(Aim of the exercise)
Leave the pictures out. Retype exactly the lines below from the one containing "一年里三次在上海體育場舉行個" through the one containing "CINQUE VERSATOI in", and no others.

(Data in this exercise)
········

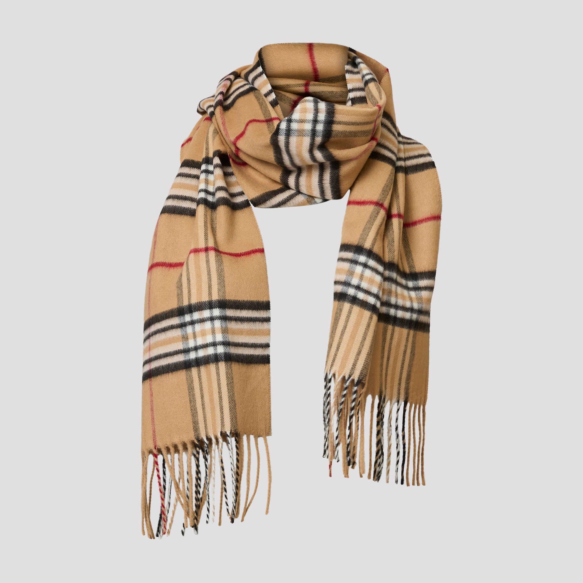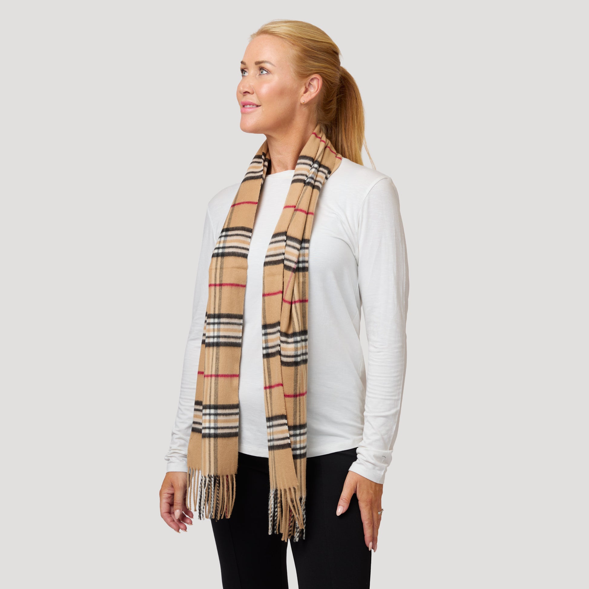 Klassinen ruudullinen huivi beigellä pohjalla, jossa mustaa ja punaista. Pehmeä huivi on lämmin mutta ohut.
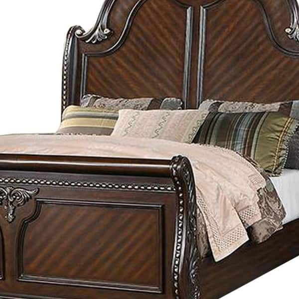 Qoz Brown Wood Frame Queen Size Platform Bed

········

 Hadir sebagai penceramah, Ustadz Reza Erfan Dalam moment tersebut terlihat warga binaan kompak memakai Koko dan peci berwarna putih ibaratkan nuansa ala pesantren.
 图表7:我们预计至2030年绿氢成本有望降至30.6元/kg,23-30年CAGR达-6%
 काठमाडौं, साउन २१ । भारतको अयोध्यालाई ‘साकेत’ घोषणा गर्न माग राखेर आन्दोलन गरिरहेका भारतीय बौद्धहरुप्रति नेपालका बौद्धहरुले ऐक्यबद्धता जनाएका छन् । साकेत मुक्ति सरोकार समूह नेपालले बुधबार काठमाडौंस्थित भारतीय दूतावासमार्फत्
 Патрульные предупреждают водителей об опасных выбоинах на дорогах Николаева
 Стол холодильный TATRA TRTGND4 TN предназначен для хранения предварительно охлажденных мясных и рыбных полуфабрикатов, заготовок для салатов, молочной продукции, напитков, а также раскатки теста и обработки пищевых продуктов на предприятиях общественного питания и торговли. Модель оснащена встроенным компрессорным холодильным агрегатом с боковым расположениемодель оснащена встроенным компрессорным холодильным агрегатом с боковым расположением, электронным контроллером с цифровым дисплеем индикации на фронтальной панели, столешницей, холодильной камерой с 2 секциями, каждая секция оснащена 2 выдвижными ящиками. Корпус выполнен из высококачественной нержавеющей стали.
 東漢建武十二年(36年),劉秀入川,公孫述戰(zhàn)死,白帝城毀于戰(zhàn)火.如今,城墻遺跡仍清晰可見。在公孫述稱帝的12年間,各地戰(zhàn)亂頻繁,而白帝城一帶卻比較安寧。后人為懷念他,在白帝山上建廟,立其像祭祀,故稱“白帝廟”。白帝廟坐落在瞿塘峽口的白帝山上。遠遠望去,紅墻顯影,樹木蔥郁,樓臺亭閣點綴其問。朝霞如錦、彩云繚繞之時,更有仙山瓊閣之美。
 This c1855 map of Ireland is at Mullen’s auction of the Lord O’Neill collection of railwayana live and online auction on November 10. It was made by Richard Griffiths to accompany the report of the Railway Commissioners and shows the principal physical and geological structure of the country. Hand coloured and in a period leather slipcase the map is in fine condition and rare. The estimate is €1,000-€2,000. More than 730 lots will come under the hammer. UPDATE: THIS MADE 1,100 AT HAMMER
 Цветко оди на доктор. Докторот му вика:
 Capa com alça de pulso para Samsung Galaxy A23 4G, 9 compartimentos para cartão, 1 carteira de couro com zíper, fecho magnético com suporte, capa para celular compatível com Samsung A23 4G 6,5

········

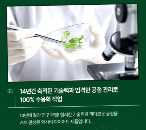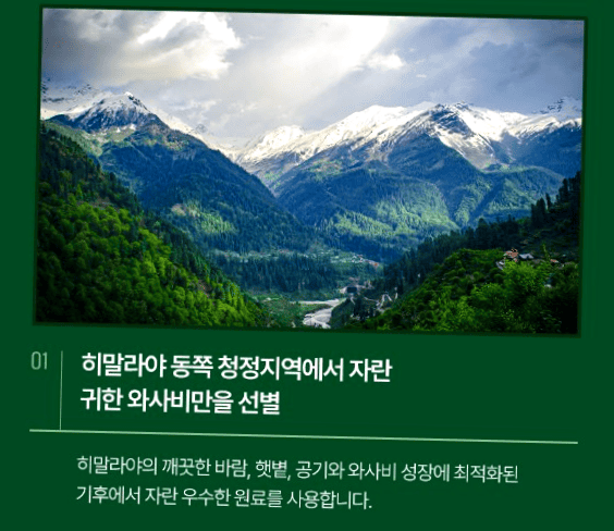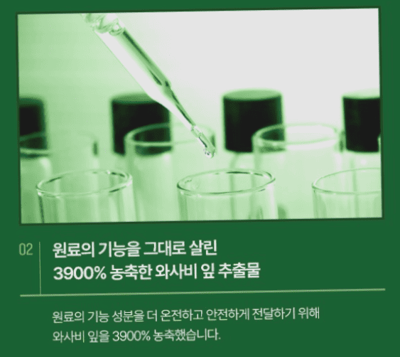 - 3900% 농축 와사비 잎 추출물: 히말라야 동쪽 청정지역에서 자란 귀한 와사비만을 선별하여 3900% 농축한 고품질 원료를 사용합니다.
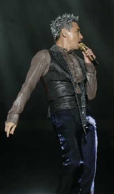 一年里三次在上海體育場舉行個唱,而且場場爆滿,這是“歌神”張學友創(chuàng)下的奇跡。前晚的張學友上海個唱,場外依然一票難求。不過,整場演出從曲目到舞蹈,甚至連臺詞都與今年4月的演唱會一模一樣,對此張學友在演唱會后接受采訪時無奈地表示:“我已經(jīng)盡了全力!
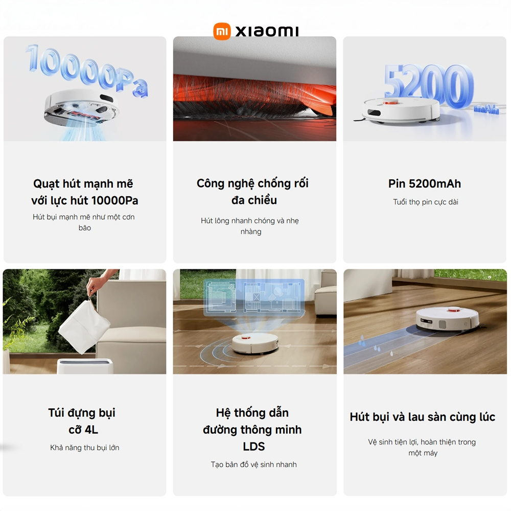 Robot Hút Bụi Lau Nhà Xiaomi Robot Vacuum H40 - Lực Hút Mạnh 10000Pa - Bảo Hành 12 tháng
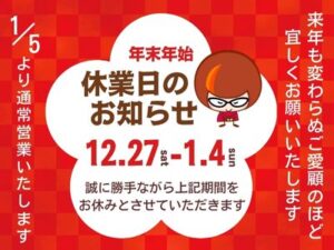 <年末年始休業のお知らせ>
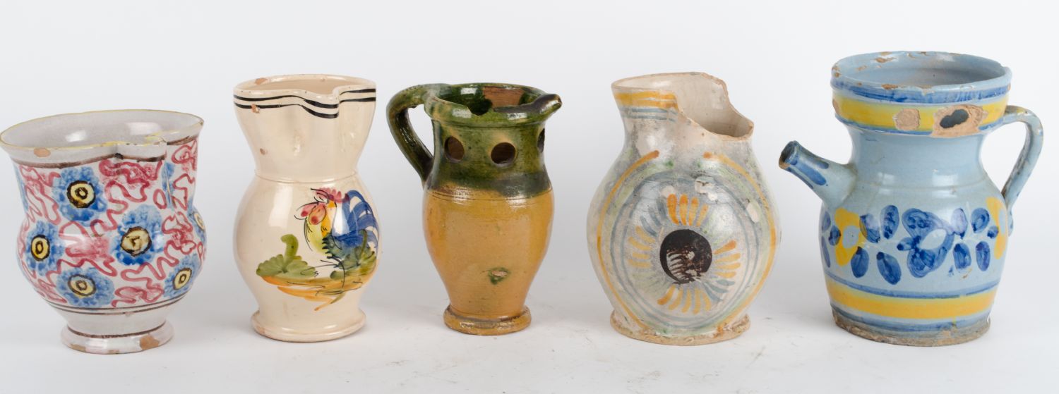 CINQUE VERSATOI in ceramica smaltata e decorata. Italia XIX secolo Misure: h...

········

(Solution for this task)
 一年里三次在上海體育場舉行個唱,而且場場爆滿,這是“歌神”張學友創(chuàng)下的奇跡。前晚的張學友上海個唱,場外依然一票難求。不過,整場演出從曲目到舞蹈,甚至連臺詞都與今年4月的演唱會一模一樣,對此張學友在演唱會后接受采訪時無奈地表示:“我已經(jīng)盡了全力!
 Robot Hút Bụi Lau Nhà Xiaomi Robot Vacuum H40 - Lực Hút Mạnh 10000Pa - Bảo Hành 12 tháng
 <年末年始休業のお知らせ>
 CINQUE VERSATOI in ceramica smaltata e decorata. Italia XIX secolo Misure: h...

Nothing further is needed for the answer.